Tuesday, November 24, 2015

HDB "Bumper Crop" has arrived

Wa, I finally sat down to read the news of the 12,411 HDB flats up for sale in this "bumper crop" launch! Impressive haul!

I see already, I feel damn sian. Why can't singles buy a private property younger? 35, really? Pffft. Female readers who are looking for a suitable potential husband, please drop me a mail and we can discuss marriage, haha.

Who says HDBs aren't affordable? A first-time young couple eligible for all the grants can EASILY get a 3-room flat without blowing a hole in their pocket. 10% downpayment in a non-mature estate is only $10,000. Making too much money, can't get all the grants? $17k downpayment! With the average Singaporean couple blowing through tens of thousands for their extravagant wedding, this is nothing. As someone famous might say, this is peanuts. A 3 room flat can accommodate a kid, or even 2 if you stick them in the same room. You can probably manage to stick 3 in a room if you are a horrible parent that doesn't know what is contraception and family planning.

For a HDB BTO, you can get a 3-rm for $150psf or a 5-rm for $300psf. This makes sense because the grant is flat, so you definitely get a lower psf price for a small unit.

If you go about looking at resale flats in a non-mature estate, you'd be set back about $370-500psf depending on factors like unit size, location and of course, age.

If you look for a nice resale flat in a mature estate, you're looking at minimum $500-700psf, which brings the high-end of mature estates almost on-par with the newer Executive Condos, which pretty much sell within the $700-800 psf range.

The older ECs sell in the $600-750psf range because of their shorter tenures, with the notable exception of Bishan Loft, which has pretty much become a private property now since the 10-year mark has passed and it markets at $1150psf. This is also because Bishan Loft is pretty much the only non-ulu EC in Singapore. That is why even post-privatization, most of the older ECs are still selling... like an EC.

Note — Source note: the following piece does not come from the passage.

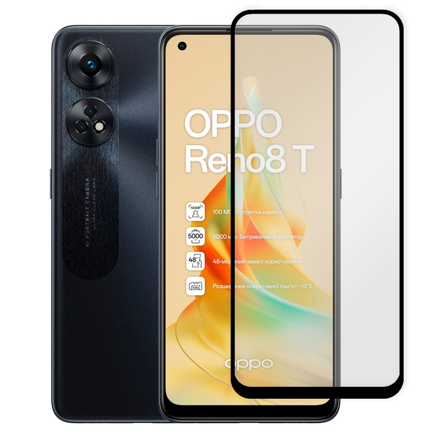Захисне скло для телефона OPPO Reno 8T 4G протиударне повноекранне чорне
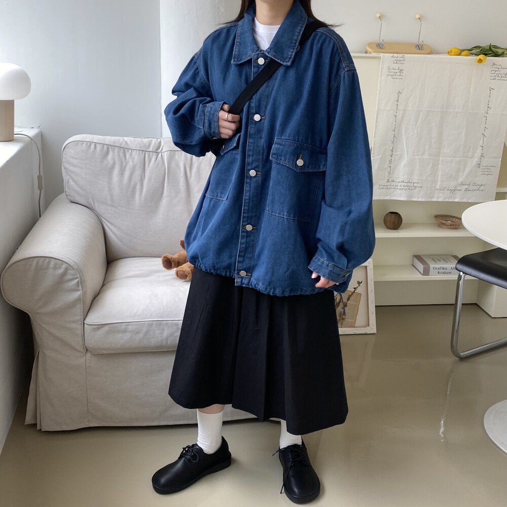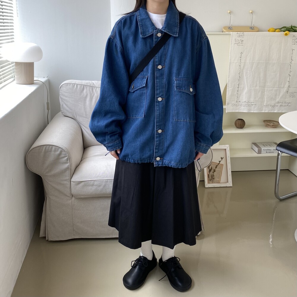 일반적인 빳빳한 느낌의 청자켓이 아닌 약간 부들부들한 데님 소재라

(Yes, Bishan Loft is Q. Congrats, you know where Bishan is.)

So basically here are the rough ranges of what residences are going for these days.

Now, before y'all jump out of your seats and say, "FH $800 sure or not?",  you need to know what location I'm talking about. Surprise surprise, it's Geylang! However, just to reassure you, I have visited a development in that area.... the entire development was just filled with expat rentors, mostly younger professionals without families. I was told that pretty much 80% of the development is being rented out. I can attest to that because.... the carpark was entirely empty!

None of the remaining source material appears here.